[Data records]

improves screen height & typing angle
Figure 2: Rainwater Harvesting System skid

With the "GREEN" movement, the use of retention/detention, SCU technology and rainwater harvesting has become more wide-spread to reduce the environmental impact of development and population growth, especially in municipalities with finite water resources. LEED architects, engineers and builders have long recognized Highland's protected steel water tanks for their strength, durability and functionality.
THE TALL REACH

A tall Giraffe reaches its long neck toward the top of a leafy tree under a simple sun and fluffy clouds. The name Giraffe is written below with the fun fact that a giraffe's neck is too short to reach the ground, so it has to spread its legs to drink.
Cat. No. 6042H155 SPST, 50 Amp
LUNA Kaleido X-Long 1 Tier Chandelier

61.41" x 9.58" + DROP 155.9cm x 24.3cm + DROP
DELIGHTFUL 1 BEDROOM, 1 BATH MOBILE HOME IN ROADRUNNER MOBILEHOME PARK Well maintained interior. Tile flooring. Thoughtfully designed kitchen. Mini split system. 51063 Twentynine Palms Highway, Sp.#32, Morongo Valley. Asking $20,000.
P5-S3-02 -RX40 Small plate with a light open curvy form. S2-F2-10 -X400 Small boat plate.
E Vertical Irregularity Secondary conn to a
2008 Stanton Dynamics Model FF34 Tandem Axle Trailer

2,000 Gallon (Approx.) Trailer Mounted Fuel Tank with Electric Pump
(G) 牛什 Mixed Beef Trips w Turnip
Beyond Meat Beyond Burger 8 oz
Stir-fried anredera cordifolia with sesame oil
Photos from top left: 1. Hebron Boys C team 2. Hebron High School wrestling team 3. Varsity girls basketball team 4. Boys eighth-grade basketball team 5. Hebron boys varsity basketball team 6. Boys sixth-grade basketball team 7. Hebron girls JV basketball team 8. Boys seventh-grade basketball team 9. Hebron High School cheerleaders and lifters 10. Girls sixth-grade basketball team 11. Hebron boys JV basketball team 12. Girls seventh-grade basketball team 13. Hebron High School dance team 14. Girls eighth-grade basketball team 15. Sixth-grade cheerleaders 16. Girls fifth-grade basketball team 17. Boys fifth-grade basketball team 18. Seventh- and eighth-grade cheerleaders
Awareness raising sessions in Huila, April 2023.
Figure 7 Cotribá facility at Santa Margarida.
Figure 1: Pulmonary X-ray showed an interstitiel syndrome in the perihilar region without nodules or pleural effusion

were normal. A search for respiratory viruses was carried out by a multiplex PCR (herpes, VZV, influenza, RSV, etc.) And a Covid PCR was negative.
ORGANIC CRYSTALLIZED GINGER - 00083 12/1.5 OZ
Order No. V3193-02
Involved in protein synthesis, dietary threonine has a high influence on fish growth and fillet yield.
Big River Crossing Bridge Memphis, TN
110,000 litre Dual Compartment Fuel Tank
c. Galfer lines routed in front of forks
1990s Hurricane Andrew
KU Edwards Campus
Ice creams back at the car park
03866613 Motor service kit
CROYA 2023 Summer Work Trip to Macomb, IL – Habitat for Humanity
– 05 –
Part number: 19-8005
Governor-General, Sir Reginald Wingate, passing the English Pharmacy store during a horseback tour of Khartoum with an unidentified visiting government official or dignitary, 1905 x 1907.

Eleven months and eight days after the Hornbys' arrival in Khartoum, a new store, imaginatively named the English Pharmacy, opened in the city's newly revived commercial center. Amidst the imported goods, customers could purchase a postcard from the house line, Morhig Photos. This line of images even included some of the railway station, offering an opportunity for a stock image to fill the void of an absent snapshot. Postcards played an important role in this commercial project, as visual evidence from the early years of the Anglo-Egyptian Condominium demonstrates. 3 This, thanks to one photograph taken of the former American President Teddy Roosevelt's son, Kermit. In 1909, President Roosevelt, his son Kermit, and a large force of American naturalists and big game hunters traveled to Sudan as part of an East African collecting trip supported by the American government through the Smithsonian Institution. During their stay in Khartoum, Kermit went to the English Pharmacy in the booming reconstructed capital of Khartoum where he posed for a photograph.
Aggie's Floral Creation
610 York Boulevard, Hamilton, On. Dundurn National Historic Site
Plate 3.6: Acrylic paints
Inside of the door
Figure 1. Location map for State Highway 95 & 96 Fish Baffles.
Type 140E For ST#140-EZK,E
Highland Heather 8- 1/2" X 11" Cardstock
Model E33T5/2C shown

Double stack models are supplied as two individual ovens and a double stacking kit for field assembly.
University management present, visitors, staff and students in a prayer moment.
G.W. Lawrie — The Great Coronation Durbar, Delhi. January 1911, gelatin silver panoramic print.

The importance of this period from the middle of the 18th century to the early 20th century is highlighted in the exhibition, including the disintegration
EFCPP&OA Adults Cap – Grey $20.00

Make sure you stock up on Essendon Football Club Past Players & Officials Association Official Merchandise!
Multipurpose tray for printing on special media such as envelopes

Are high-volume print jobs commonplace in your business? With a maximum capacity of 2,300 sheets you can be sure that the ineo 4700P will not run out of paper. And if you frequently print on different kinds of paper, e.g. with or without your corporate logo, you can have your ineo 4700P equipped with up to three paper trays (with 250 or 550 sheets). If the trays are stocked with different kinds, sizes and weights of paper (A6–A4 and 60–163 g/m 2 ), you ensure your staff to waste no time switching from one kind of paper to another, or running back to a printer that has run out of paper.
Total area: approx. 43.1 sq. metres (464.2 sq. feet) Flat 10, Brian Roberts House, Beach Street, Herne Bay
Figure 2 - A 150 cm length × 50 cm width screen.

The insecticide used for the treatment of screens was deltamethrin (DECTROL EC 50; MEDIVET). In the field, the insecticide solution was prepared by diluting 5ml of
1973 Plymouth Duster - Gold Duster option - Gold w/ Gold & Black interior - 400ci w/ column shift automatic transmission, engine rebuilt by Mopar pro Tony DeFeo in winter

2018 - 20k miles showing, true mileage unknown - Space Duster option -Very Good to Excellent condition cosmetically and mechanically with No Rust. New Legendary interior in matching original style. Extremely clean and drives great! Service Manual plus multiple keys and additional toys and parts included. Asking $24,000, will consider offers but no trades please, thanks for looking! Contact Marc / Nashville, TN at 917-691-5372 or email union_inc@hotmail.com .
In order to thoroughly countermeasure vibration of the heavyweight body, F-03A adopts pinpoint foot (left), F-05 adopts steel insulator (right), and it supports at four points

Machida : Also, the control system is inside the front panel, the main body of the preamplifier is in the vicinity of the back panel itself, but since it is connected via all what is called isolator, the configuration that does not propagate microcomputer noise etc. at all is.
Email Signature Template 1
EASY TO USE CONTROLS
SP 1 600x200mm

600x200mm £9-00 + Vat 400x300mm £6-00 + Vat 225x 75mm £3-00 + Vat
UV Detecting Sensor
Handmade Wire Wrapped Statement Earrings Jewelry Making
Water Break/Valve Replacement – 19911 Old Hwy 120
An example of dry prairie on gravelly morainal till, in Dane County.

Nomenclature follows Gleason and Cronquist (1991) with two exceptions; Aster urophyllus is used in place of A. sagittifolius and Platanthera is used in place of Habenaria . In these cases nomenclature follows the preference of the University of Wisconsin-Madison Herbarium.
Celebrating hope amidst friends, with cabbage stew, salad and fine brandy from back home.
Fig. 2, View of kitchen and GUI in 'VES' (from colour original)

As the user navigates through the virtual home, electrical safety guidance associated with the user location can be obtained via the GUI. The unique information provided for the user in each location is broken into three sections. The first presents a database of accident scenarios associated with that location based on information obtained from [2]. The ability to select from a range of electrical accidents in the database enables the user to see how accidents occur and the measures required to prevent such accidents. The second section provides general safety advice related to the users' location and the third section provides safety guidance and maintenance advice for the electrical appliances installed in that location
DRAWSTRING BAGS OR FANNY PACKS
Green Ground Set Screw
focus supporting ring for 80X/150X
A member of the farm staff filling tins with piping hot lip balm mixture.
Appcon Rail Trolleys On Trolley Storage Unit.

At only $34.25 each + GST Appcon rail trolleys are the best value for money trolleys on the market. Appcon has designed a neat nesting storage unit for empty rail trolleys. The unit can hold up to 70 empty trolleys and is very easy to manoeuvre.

[EXERCISE OBJECTIVE]
When you reach the line containing "EASY TO USE CONTROLS" in the data above, start copying exactly, and stop after the line containing "Nomenclature follows Gleason".

[WRITTEN RESPONSE]
EASY TO USE CONTROLS
SP 1 600x200mm

600x200mm £9-00 + Vat 400x300mm £6-00 + Vat 225x 75mm £3-00 + Vat
UV Detecting Sensor
Handmade Wire Wrapped Statement Earrings Jewelry Making
Water Break/Valve Replacement – 19911 Old Hwy 120
An example of dry prairie on gravelly morainal till, in Dane County.

Nomenclature follows Gleason and Cronquist (1991) with two exceptions; Aster urophyllus is used in place of A. sagittifolius and Platanthera is used in place of Habenaria . In these cases nomenclature follows the preference of the University of Wisconsin-Madison Herbarium.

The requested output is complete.